In my case, the coincidence with my ADD made my depression surface: I had always been able to get straight A’s without trying, but moving at the time I hit puberty, combined with more advanced work, left me a mess. I was so used to being smart, and being capable, that as soon as I wasn’t I was at a total loss. To quote Jeff Winger from Community, “The funny thing about being smart is that you can get through most of life without ever having to do any work. So, I’m not really sure how to do that.” And it’s true. I never developed the study habits my peers did because I hadn’t needed to. I hardly ever did my homework, to the chagrin of my parents and teachers, because I didn’t need to. I already knew the material, for me homework was just repetitive.
And then came high school, where your academic attention was split between seven classes, where tests and homework and projects overlapped, and I looked at it and to me it seemed like a monster. School used to be fun, but then it turned into a constant stream of forgotten assignments and disappointment from my parents and teachers. Especially from my father.
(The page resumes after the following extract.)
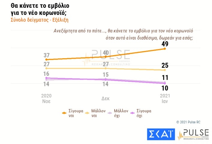 Σημειώνεται ότι το Νοέμβριο το 37% των ερωτηθέντων έλεγαν ότι σίγουρα θα εμβολιαστούν, έναντι του 40% το Δεκέμβριο και του 49% τον Ιανουάριο.

I will never, never in my life forget the time he turned to me after a parent-teacher conference, where we learned I was failing a quarter of biology, and said “you’re wasting your life.” While to him that was supposed to be saying “you can do better than this,” to me it said “you’re a failure.” Since I had never disappointed him like this before, it truly broke me. My fidgeting got worse as my anxiety about school increased, and then one day it just seemed like the dam broke and my brain was flooded with doubts, anxieties, fear, sadness and disgust for myself all at once. And all I could do was cry, and cry, and cry, and wish it away. I cannot explain to you the utter weakness you feel when it is your own brain filling you with darkness, trying to pull you down deeper.
Because of my experience with depression, and the incredible positive impact made by both my mother and a guidance counselor at school, I decided to follow my curiosity and major in psychology. As someone that has looked into the jaws of darkness and almost been swallowed, I feel that I need to do something with my life that helps others. I feel that anyone who has been hurt has a deep connection with those that are hurting, particularly as it relates to mental illness. Every time I even think about going into a non-helping career I feel a sharp jab of guilt in my gut. I simply can’t be out just for myself, because if everyone else was, I would never have recovered. I hope that at some point in my life I’ll be able to help someone the way I was helped. I think that would make me truly happy.